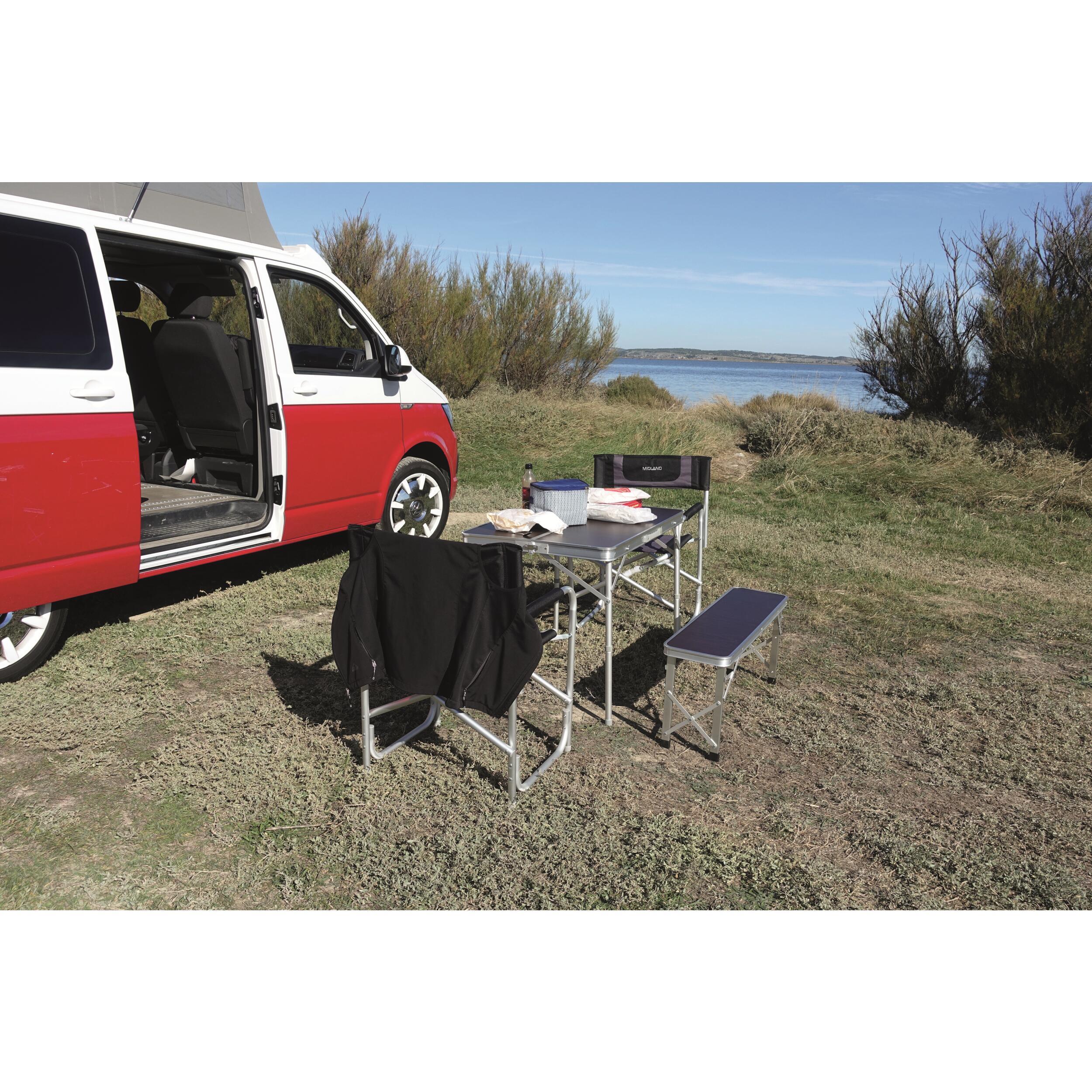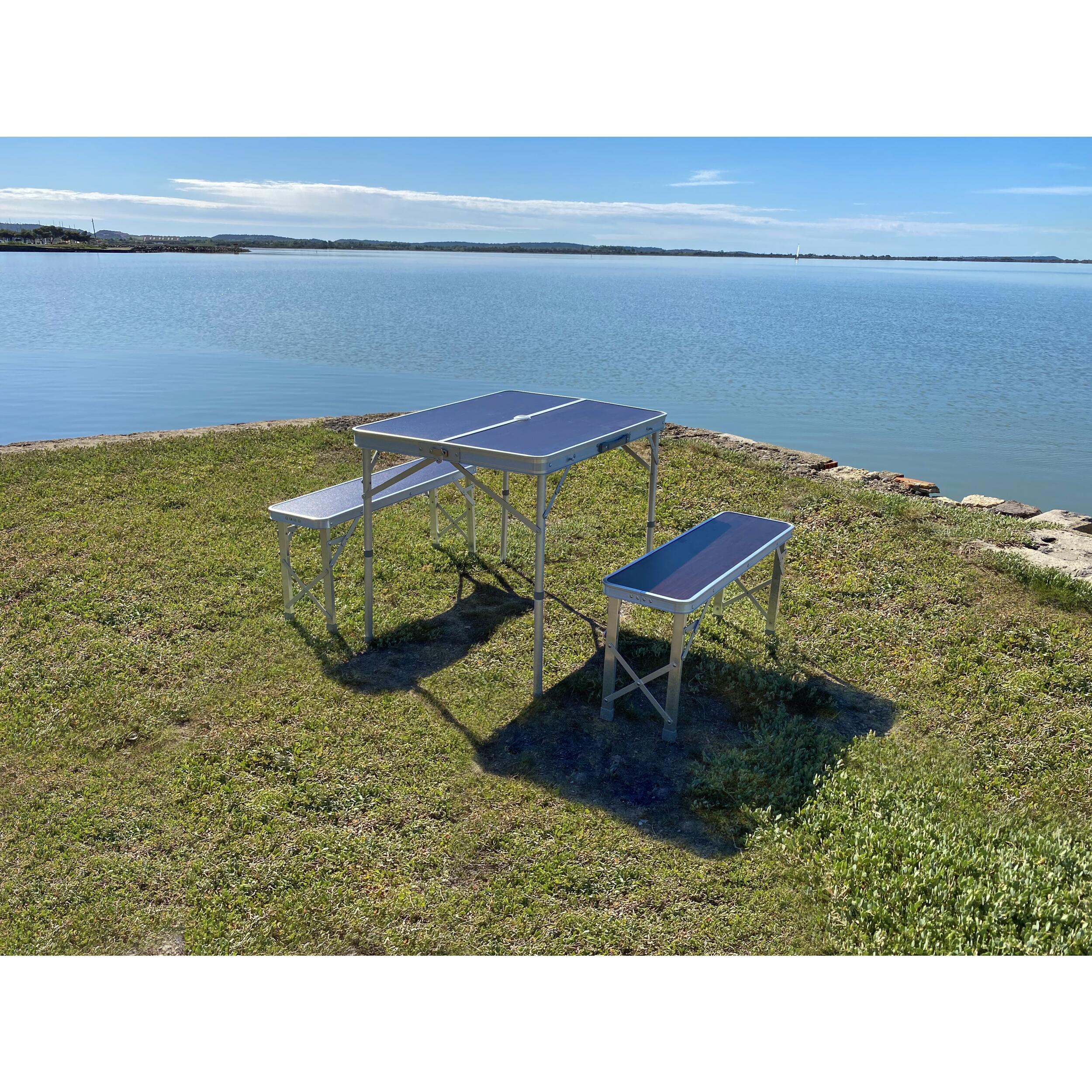 Ensemble table pique-nique MIDLAND pour 4 personnes : pratique, pliable et facile à transporter. Composé d’une table spacieuse et de deux bancs repliables, il offre confort et convivialité en extérieur. Structure en aluminium légère, finition bois élégante et montage rapide.
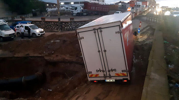 Kocaelide sağanak sebebiyle çöken yola kamyonet düştü
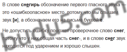 Прочитай, как произносится слово: [сн’иг’и́р’]. Можно ли сказать, что обозначение первого гласного звука — «ошибкоопасное» место? Поможет ли не допустить ошибку проверочное слово снег? Объясни свой ответ.
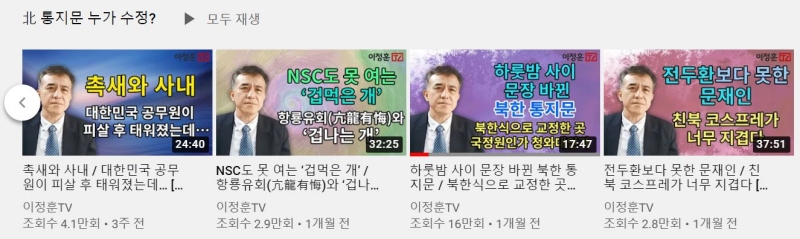 ▲ 유튜브 채널 '이정훈TV' 영상 목록.
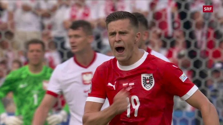 - Österreich schlägt Polen in der Gruppe D an der EURO 3:1 und holt im 2. Spiel einen wichtigen Sieg.
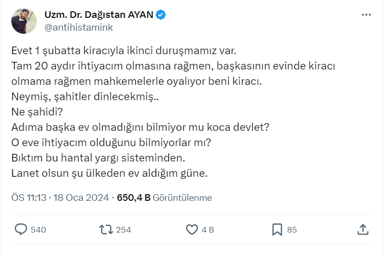 Uzman Doktor Dağıstan Ayan da resmi X hesabı https://twitter.com/antihistamink üzerinden sık sık kiracısı ile yaşadığı sorunlara ilişkin paylaşımlar yapıyor.
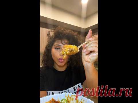 Женщина с кудрявыми волосами, едящая еду с вилки, смотрит на камеру. Она носит футболку с надписью. Перед ней на столе видна тарелка с едой.
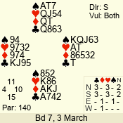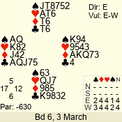 | 3 NT | W | +1 | -630 | 7 | 02 - 01 | 2 | 2 |
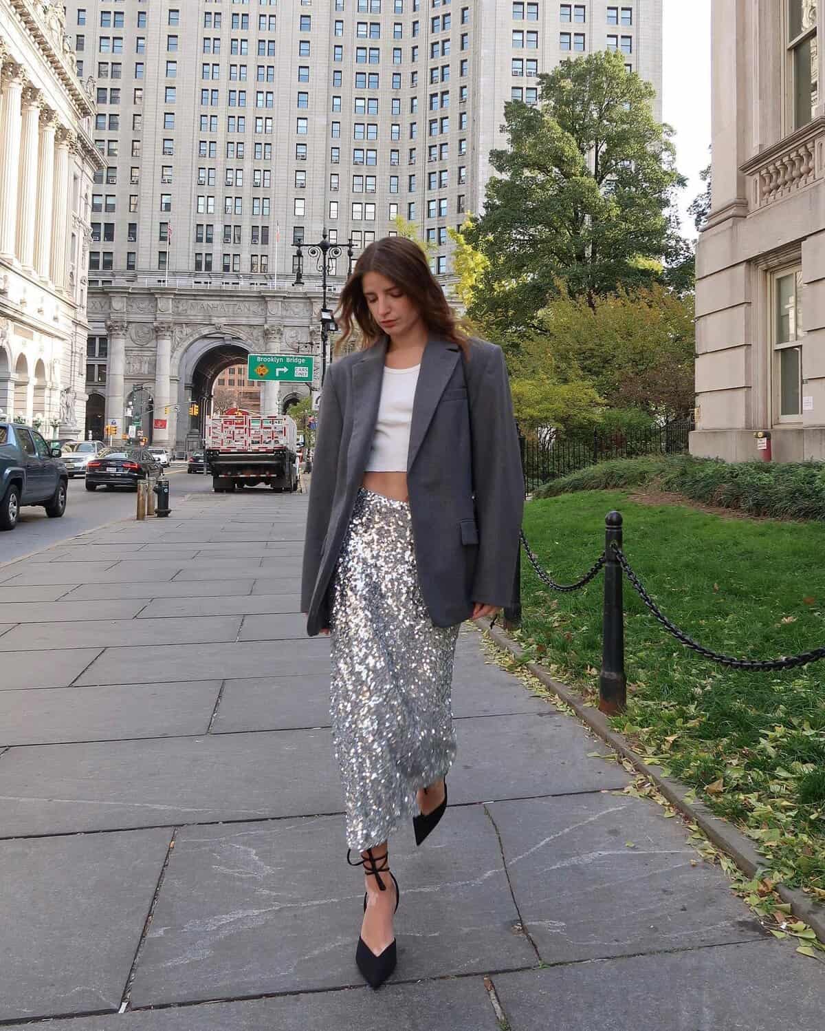 Elevate your fall party look with this stunning combination of glamour and sophistication. The dazzling sequin skirt catches the light and adds a festive touch, perfect for any autumn soirée. Balanced by a chic oversized gray blazer, this outfit seamlessly blends casual and formal elements. The crop top adds a modern edge, while black pointed-toe heels elongate the silhouette. This ensemble is ideal for transitioning from day to night, allowing you to make a statement at any fall gathering. The mix of textures and the play between sparkle and muted tones create a head-turning look that’s both seasonally appropriate and fashion-forward.
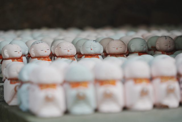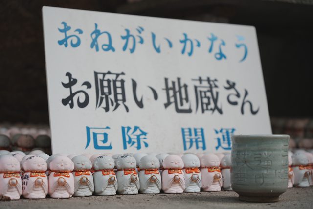 過了文學之路,進入到千光寺境內,在玉之岩下方擺著很多地藏
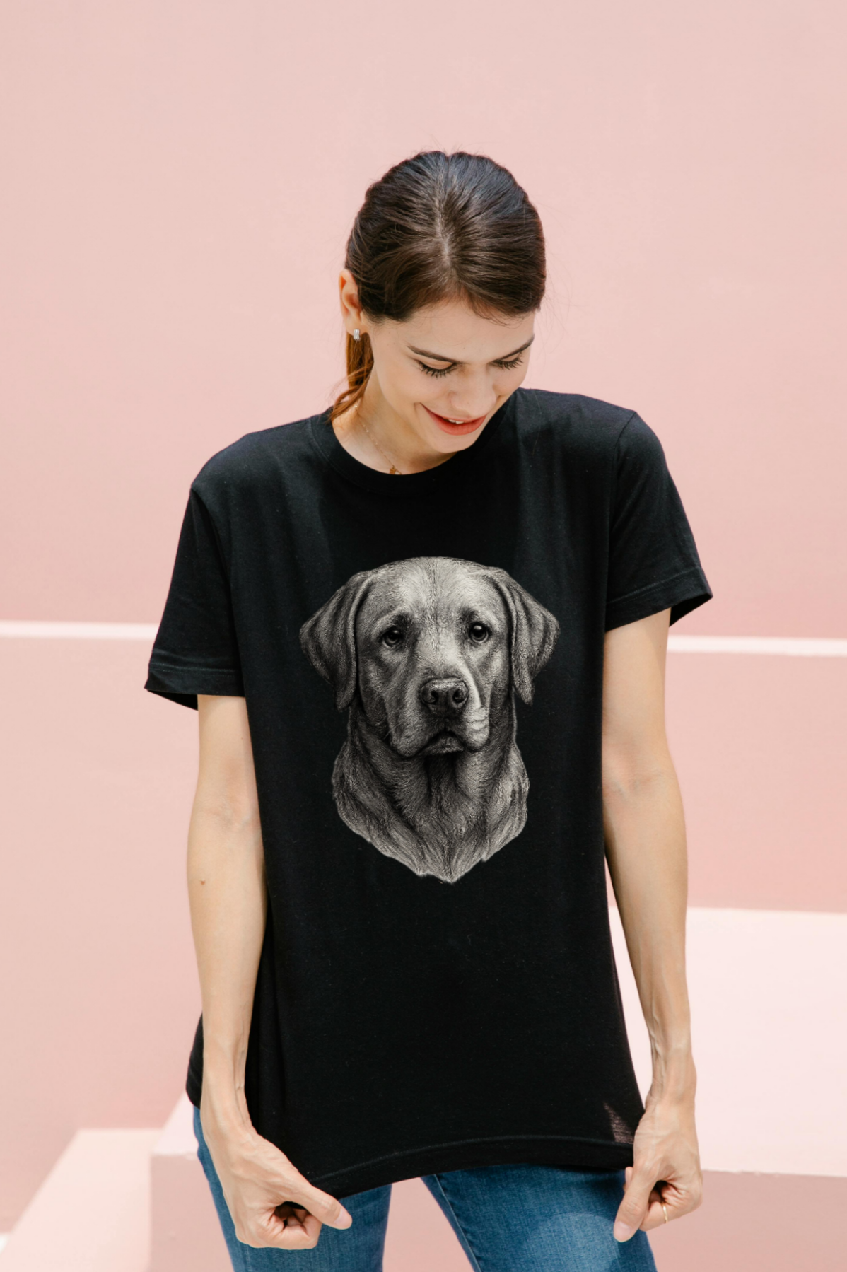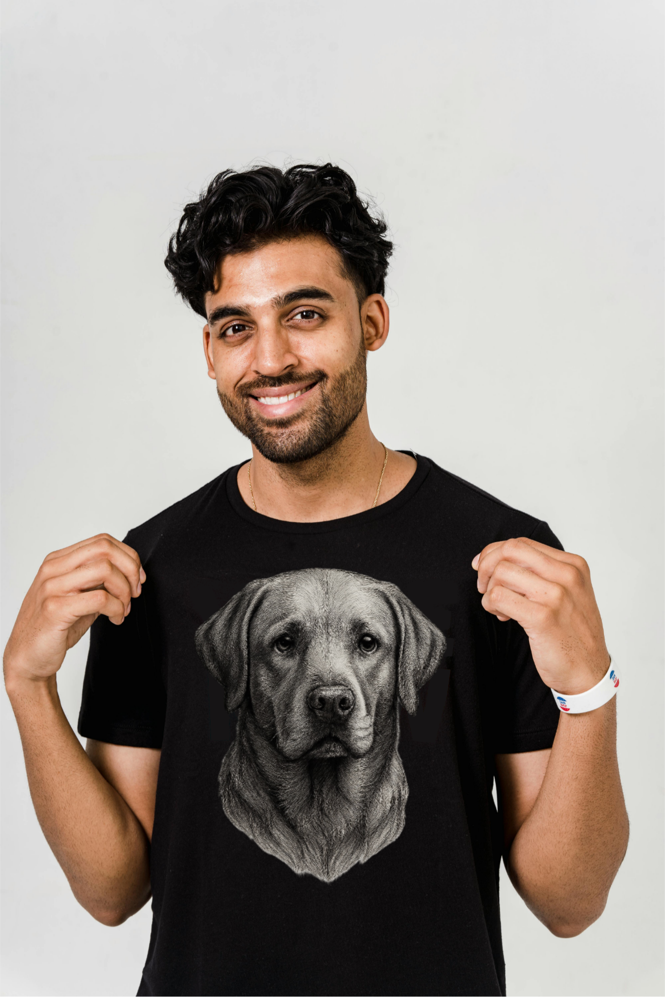 Celebrate the loyalty and love of man’s best friend with this beautifully detailed Labrador retriever portrait tee. The soulful eyes and lifelike design capture pure emotion, making it a must-have for dog lovers.
=====
■ THE TASK ■
Copy exactly the lines from the one containing "Uzman Doktor Dağıstan" to the end of the records, both included, and leave the pictures out.

■ WRITTEN SOLUTION ■
 Uzman Doktor Dağıstan Ayan da resmi X hesabı https://twitter.com/antihistamink üzerinden sık sık kiracısı ile yaşadığı sorunlara ilişkin paylaşımlar yapıyor.
 Женщина с кудрявыми волосами, едящая еду с вилки, смотрит на камеру. Она носит футболку с надписью. Перед ней на столе видна тарелка с едой.
 | 3 NT | W | +1 | -630 | 7 | 02 - 01 | 2 | 2 |
 Elevate your fall party look with this stunning combination of glamour and sophistication. The dazzling sequin skirt catches the light and adds a festive touch, perfect for any autumn soirée. Balanced by a chic oversized gray blazer, this outfit seamlessly blends casual and formal elements. The crop top adds a modern edge, while black pointed-toe heels elongate the silhouette. This ensemble is ideal for transitioning from day to night, allowing you to make a statement at any fall gathering. The mix of textures and the play between sparkle and muted tones create a head-turning look that’s both seasonally appropriate and fashion-forward.
 過了文學之路,進入到千光寺境內,在玉之岩下方擺著很多地藏
 Celebrate the loyalty and love of man’s best friend with this beautifully detailed Labrador retriever portrait tee. The soulful eyes and lifelike design capture pure emotion, making it a must-have for dog lovers.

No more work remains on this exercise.